GFAR webinar on "Measuring social media performance"
 
GFAR webinar on "Social Media Induction"
GFAR webinar on "Social Media Induction"GFAR webinar on "Social Media Induction"
GFAR webinar on "Social Media Induction"
 
GFAR webinar on "innovative annual reports"
GFAR webinar on "innovative annual reports"GFAR webinar on "innovative annual reports"
GFAR webinar on "innovative annual reports"
 
GFAR-TAP webinar on "Sharing Knowledge on Capacity Development for Agricultur...
GFAR-TAP webinar on "Sharing Knowledge on Capacity Development for Agricultur...GFAR-TAP webinar on "Sharing Knowledge on Capacity Development for Agricultur...
GFAR-TAP webinar on "Sharing Knowledge on Capacity Development for Agricultur...
 
GFAR COSA GLF webinar on "Effective Tools for Understanding, Managing and Acc...
GFAR COSA GLF webinar on "Effective Tools for Understanding, Managing and Acc...GFAR COSA GLF webinar on "Effective Tools for Understanding, Managing and Acc...
GFAR COSA GLF webinar on "Effective Tools for Understanding, Managing and Acc...
 
GFAR webinar: "The art and science of webcasting and webstreaming"
GFAR webinar: "The art and science of webcasting and webstreaming"GFAR webinar: "The art and science of webcasting and webstreaming"
GFAR webinar: "The art and science of webcasting and webstreaming"
 
GFAR webinar: "Farmers’ Rights: Complementarity between Researchers and Farmers"
GFAR webinar: "Farmers’ Rights: Complementarity between Researchers and Farmers"GFAR webinar: "Farmers’ Rights: Complementarity between Researchers and Farmers"
GFAR webinar: "Farmers’ Rights: Complementarity between Researchers and Farmers"
 
GFAR webinar: "Communications Success stories"
GFAR webinar: "Communications Success stories"GFAR webinar: "Communications Success stories"
GFAR webinar: "Communications Success stories"
 
Beyond decision making: Foresight as a process for improving attitude towards...
Beyond decision making: Foresight as a process for improving attitude towards...Beyond decision making: Foresight as a process for improving attitude towards...
Beyond decision making: Foresight as a process for improving attitude towards...
 
Farmers’ Rights: Achieving Complementarity Between the Informal and Formal Se...
Farmers’ Rights: Achieving Complementarity Between the Informal and Formal Se...Farmers’ Rights: Achieving Complementarity Between the Informal and Formal Se...
Farmers’ Rights: Achieving Complementarity Between the Informal and Formal Se...
 
GFAR webinar on farm radio, community radio and participatory radio
GFAR webinar on farm radio, community radio and participatory radioGFAR webinar on farm radio, community radio and participatory radio
GFAR webinar on farm radio, community radio and participatory radio
 
GFAR webinar on participatory video
GFAR webinar on participatory videoGFAR webinar on participatory video
GFAR webinar on participatory video
 
Internal communications for agricultural research mechanism
Internal communications for agricultural research mechanismInternal communications for agricultural research mechanism
Internal communications for agricultural research mechanism
 

Dernier

Dernier (20)

Call On 6297143586 Viman Nagar Call Girls In All Pune 24/7 Provide Call With...

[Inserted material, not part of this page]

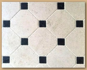 Les carreaux octogonaux placés côte à côte laissaient entre eux un vide que l’on comblait avec un petit carreau carré. Ce carrelage cabochon donnait élégance et cachet aux entrées et pièces principales des maisons bourgeoises .

Call On 6297143586  Viman Nagar Call Girls In All Pune 24/7 Provide Call With...Call On 6297143586  Viman Nagar Call Girls In All Pune 24/7 Provide Call With...

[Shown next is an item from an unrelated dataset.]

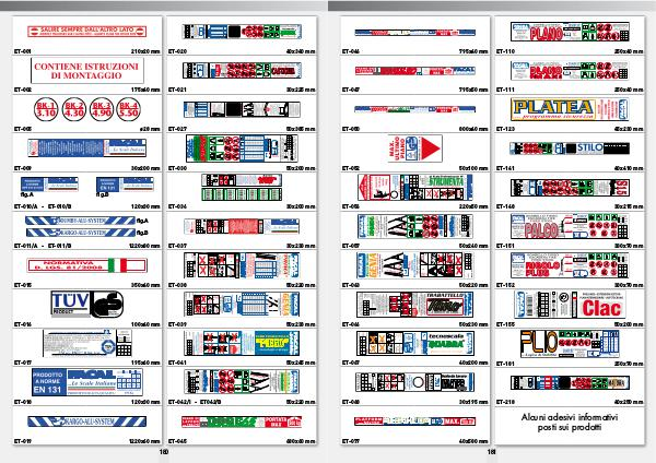 181 ET-046 795x40 mm ET-047 795x50 mm ET-050 800x40 mm ET-052 50x100 mm ET-056 220x50 mm ET-057 50x240 mm ET-063 50x220 mm ET-066 50x230 mm ET-067 40x200 mm ET-068 30x195 mm ET-077 40x580 mm ET-110 250x40 mm ET-111 250x40 mm ET-123 45x230 mm ET-141 40x410 mm ET-148 30x215 mm ET-151 330x70 mm ET-152 330x70 mm ET-155 50x200 mm ET-181 250x70 mm ET-218 40x250 mm Alcuni adesivi informativi posti sui prodotti

Call On 6297143586 Viman Nagar Call Girls In All Pune 24/7 Provide Call With...
 
(NEHA) Call Girls Nagpur Call Now 8250077686 Nagpur Escorts 24x7
(NEHA) Call Girls Nagpur Call Now 8250077686 Nagpur Escorts 24x7(NEHA) Call Girls Nagpur Call Now 8250077686 Nagpur Escorts 24x7
(NEHA) Call Girls Nagpur Call Now 8250077686 Nagpur Escorts 24x7
 
↑VVIP celebrity ( Pune ) Serampore Call Girls 8250192130 unlimited shot and a...
↑VVIP celebrity ( Pune ) Serampore Call Girls 8250192130 unlimited shot and a...↑VVIP celebrity ( Pune ) Serampore Call Girls 8250192130 unlimited shot and a...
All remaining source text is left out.